Brutus was a very important character in the play

Julius Caesar written by William Shakespeare. He helped plan

a plot against one of the most powerful people in Rome and

killed the king to be. Brutus was well renowned for his deep

thinking, his honor, and most importantly, his belief in


Brutus’s stoic qualities played a major role in his

character. He trusted his wife Portia very much. In fact, he

trusted her so much that he was even going to tell her about

the plot against Caesar.

“You are my true and honorable wife,
As dear to me as are the ruddy drops
That visit my sad heart”
( II, i, 289-290)

She cared very much for him. She was willing to slice her

thigh open just to prove her loyalty and trustworthiness to

her noble husband. He also cared very deeply about his wife

and he loved her very dearly.

“O ye gods,
render me worthy of this noble wife!”
( II, i, 303-304)

Because of his profound stoicism, Brutus did not seem to

show his graditude much when Portia killed her self. He

simply drank wine to get ride of the pain and told Cassius

to never speak of his wife again.

“Lucius a bowl of wine!
I did not think you could have been so angry,
O Cassius, I am sick of many griefs.
Of your philosophy you make no use
If you give place to accidental evils.
No man bears sorrow better. Portia is dead.
Ha! Portia!
She is dead.
How ‘scaped I killing when I crossed you so?
Oh, insupportable and touching loss!
Upon what sickness?
Impatient of my absence,
And grief that young Octavius with Mark Antony
Have made themselves so strong for with her death
That tidings came with this she fell distract,
And, her attendants absent, swallowed fire.
And died so?
Even so.
O ye immortal gods!
Speak no more of her. Give me a bowl of wine.
In this I bury all unkindness, Cassius.”
( IV, iii, 141-158)

The people of Rome respected Brutus greatly.
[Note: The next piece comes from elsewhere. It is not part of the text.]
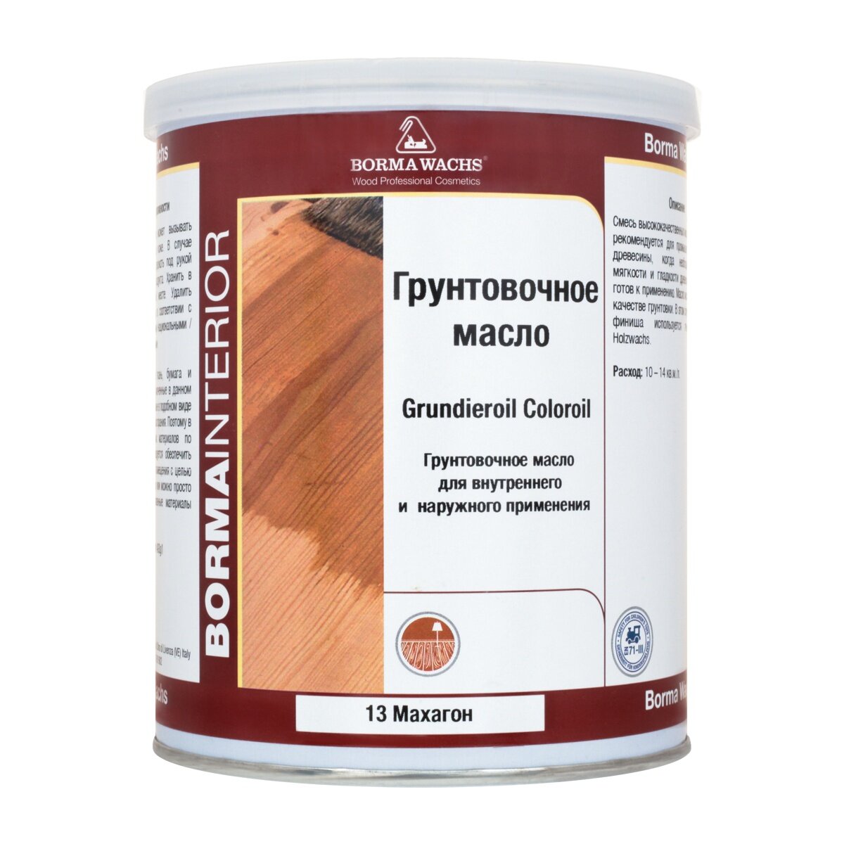 Масло грунтовочное BORMA GRUNDIEROIL для обработки древесины для наружных и внутренних работ 1л 13 Махагон R3910-13 декоративная пропитка / морилка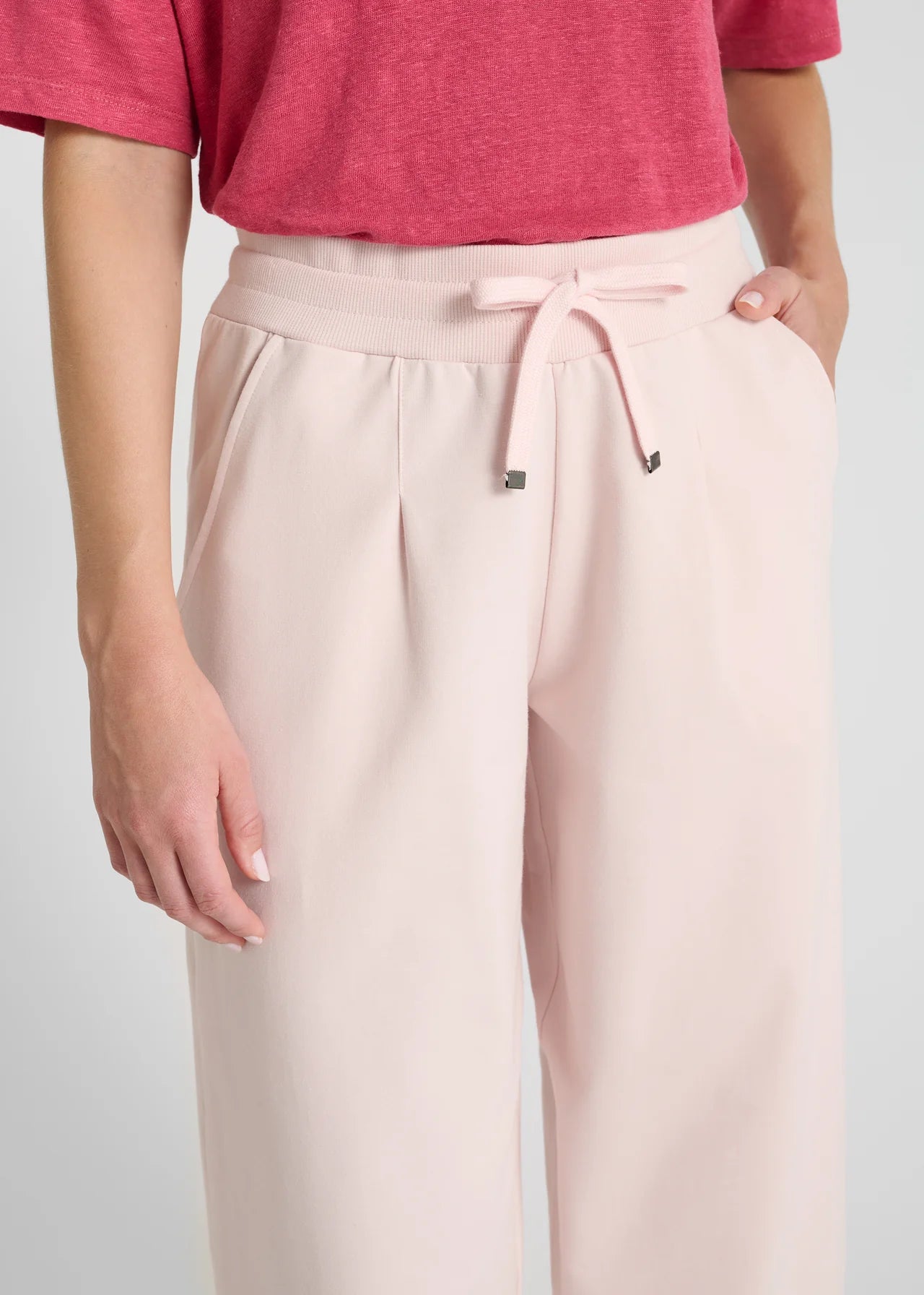 Ce jogging femme revisite l’allure casual avec une coupe carotte structurée et confortable. Confectionné en molleton, il offre un porté souple et agréable. La taille est soulignée par une ceinture élastiquée, ajustable grâce à des liens, pour un maintien modulable. Des plis couchés sur le devant apportent de la tenue à la silhouette, tandis que les poches à l’italienne renforcent son esprit fonctionnel. Au dos, une poche passepoilée vient parfaire le design avec discrétion.

The

conspirators thought very highly of him and wanted him to be

part of their scheme against Julius Caesar. If they could

get Brutus to join in on the plan the people might think it

was all right that they killed the great Caesar.

“ O Cassius, if you could
But win the noble Brutus to our party”
( I, iii, 140-141)

The people respected Brutus. They thought he

was a very wise and noble man. They believed anything he

would tell them.

“Oh, he sits high in all the people’s hearts,
And that which would appear offense in us
His countenance, like richest alchemy,
Will change to virtue and to worthiness.”
( I, iii, 157-160)

Brutus was a very deep thinker who always put others

first. He killed Caesar for the good of Rome. He believed

Caesar was like a serpents egg and that an egg is not so

dangerous when it is still an egg but when it hatches it can

grow up to be a fierce dragon.

“What means this shouting? I do fear the people
Choose Caesar for their king.
Aye, do you fear it?
Then must I think you would not have it so.
I would not, Cassius, yet I love him well.
But wherefore do you hold me here so long?
What is it that you would impart to me?
If it be ought toward the general good,
Set honor in one eye and death i’ the other,
And I will look on both indifferently;
For let the gods so speed me as I love
The name of honor more than I fear death
I know that virtue to be true in you, Brutus,....”
( I, ii, 79-90)

Brutus had thought very deeply about joining the conspiracy.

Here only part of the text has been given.